The U.S. Treasury on Monday issued the first of a series of papers aimed at jump-starting debate over Social Security reform, saying the system faced a present-value deficit of $13.6 trillion.

The first of six issue brief papers aims to define the scope of the problem and said the retirement benefit program can be made permanently solvent only by reducing the benefits and/or increasing taxes.

Faster economic growth will not solve the imbalances that Social Security faces as the Baby Boom generation retires in large numbers in the next decade, reducing revenues and drawing benefits. Realistically, there is no way to grow out of the problem, the Treasury said.

Although recent efforts to reform Social Security have stalled amid disagreements over personal retirement accounts and payroll tax increases, Treasury Secretary Henry Paulson has pledged to press forward with discussion on possible solutions, even if it only lays groundwork for action by the next administration.

While differences over personal accounts and taxes dominate the public debate over this issue, in my conversations I found that there are many other things on which people agree, Paulson said in a statement accompanying the paper.

Everyone I talked with recognizes the seriousness of the problem, and most agreed on some of the principles and policies that must be part of the solution, he said.

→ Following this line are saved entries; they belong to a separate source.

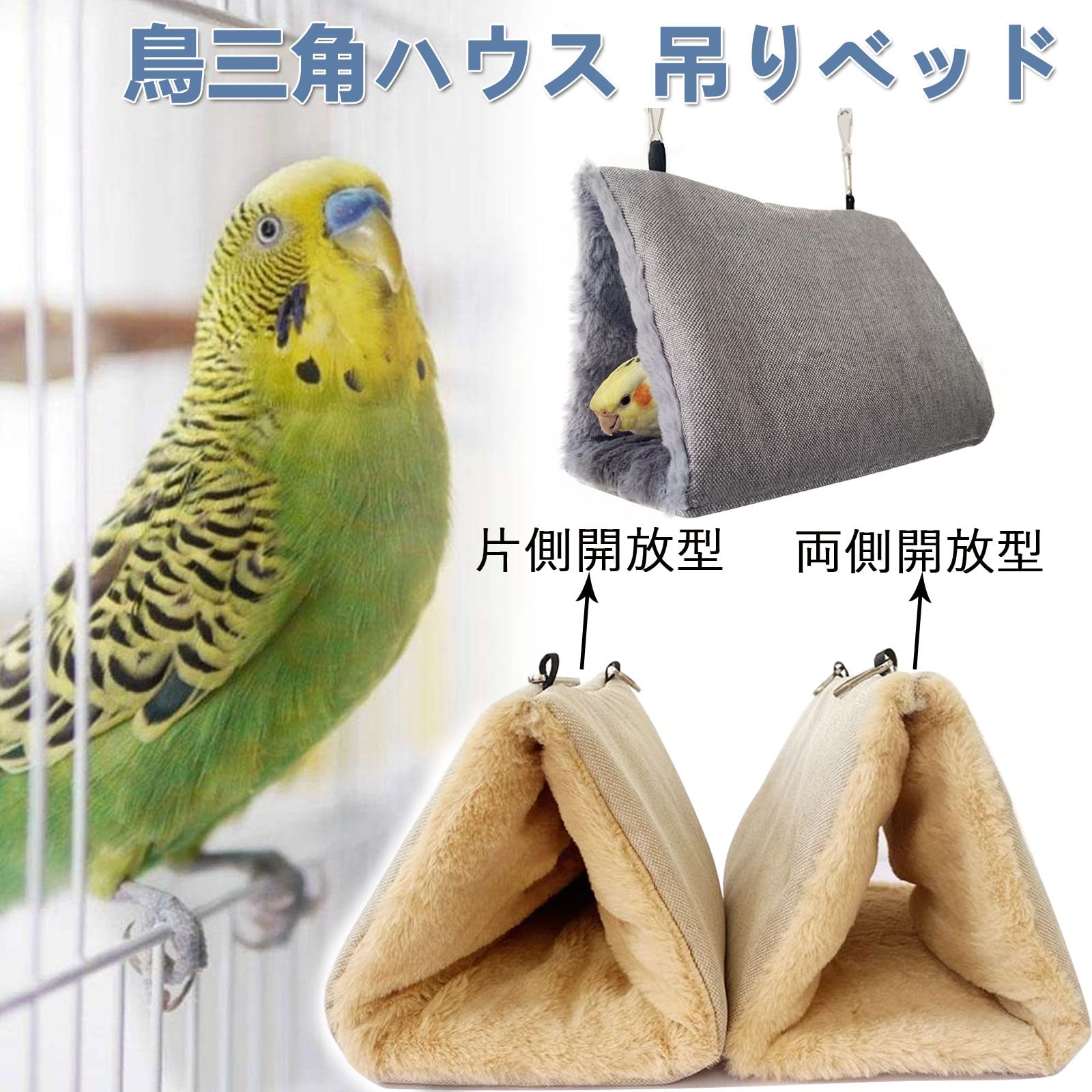 【新着】鳥たちの寝床 三角ハウス インコ おもちゃ 掛ける鳥の巣 ハンモック ペット 用 テント いんこおもちゃ かわいい 寝袋 無地 厚みふわふわ 暖かい Cave Bed 遊び場 保温 寒さ対策 鳥の おもちゃ 鳥用品 文鳥 鸚鵡 小動物 ハウス 冬 フックとチェーン付き 両側開放型-S ベージュ | GIGATERA
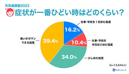 天気痛の痛みが最もひどい時は、どの程度かを尋ねた質問では、4人に1人が「仕事・学校を半日休む程度」または「仕事・学校を1日休む程度」と答えている。「少し休む程度」を合わせると、6割超が我慢できないほどの症状があるという。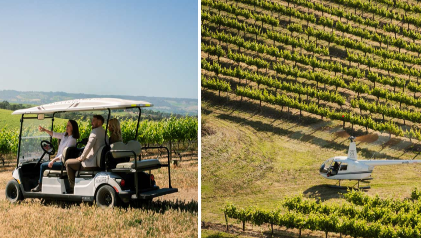 Elevate your wine tasting experience in South Australia with a once in a lifetime, exclusive helicopter tour visiting McLaren Vale, Langhorne Creek and Langhorne Creek with South Australian Helicopters. This full day tour is nothing but the best, offering a breathtaking aerial perspective of the regions, premium wine tastings, accompanying cheese and snacks, vineyard tours, 3 course lunch at Golding Wines, and so much more.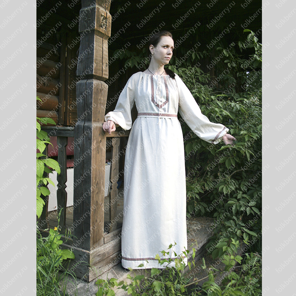 Платье "Домна" в стиле "бохо" выполнено из умягченного льна, благородного цвета "капучино".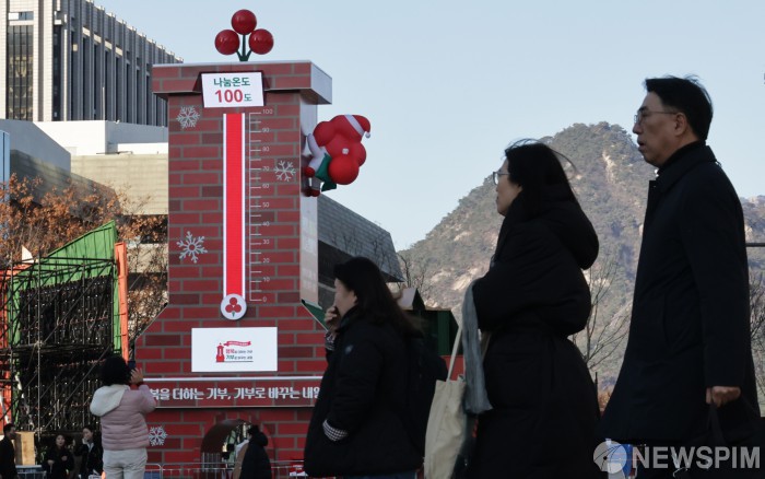 [서울=뉴스핌] 양윤모 기자 = 사회복지공동모금회가 주최하는 '희망 2026나눔캠페인'의 시작을 알리는 사랑의 열매 출범식이 1일 오후 서울 광화문광장에서 개최된 가운데,사랑의 온도탑이 가동을 시작했다. 사랑의열매 사회복지공동모금회는 “행복을 더하는 기부, 기부로 바꾸는 내일”을 슬로건으로 12월 1일부터 내년 1월 31일까지 62일간 전국 17개 시·도에서 4500억원을 모금한다. 2025.12.01 yym58@newspim.com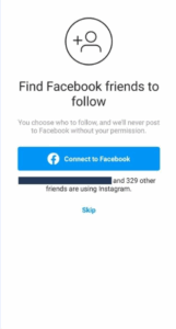 Instagram (social): Optimizes for immediate value—seeing friends. The flow pushes account creation: a quick profile (name, email, passwords, username) is all it’s needed. Alternatively, users can also log in with Facebook in one click. Then, there is the skippable page of Find friends/contacts, so friction is low and value arrives fast (feed, stories).

The next paper, one of five more to come over the next three months, will offer a framework for possible solutions, said Philip Swagel, the Treasury's assistant secretary for economic policy.

Although the United States faces similar and deeper long-term fiscal challenges with Medicare, the Treasury chose to focus on Social Security because it is less complex, without the medical issues associated with the retiree health care system.

Medicare is a bigger problem, Swagel said, adding that he hoped that common ground found in addressing Social Security challenges could eventually provide a foundation for Medicare reforms as well.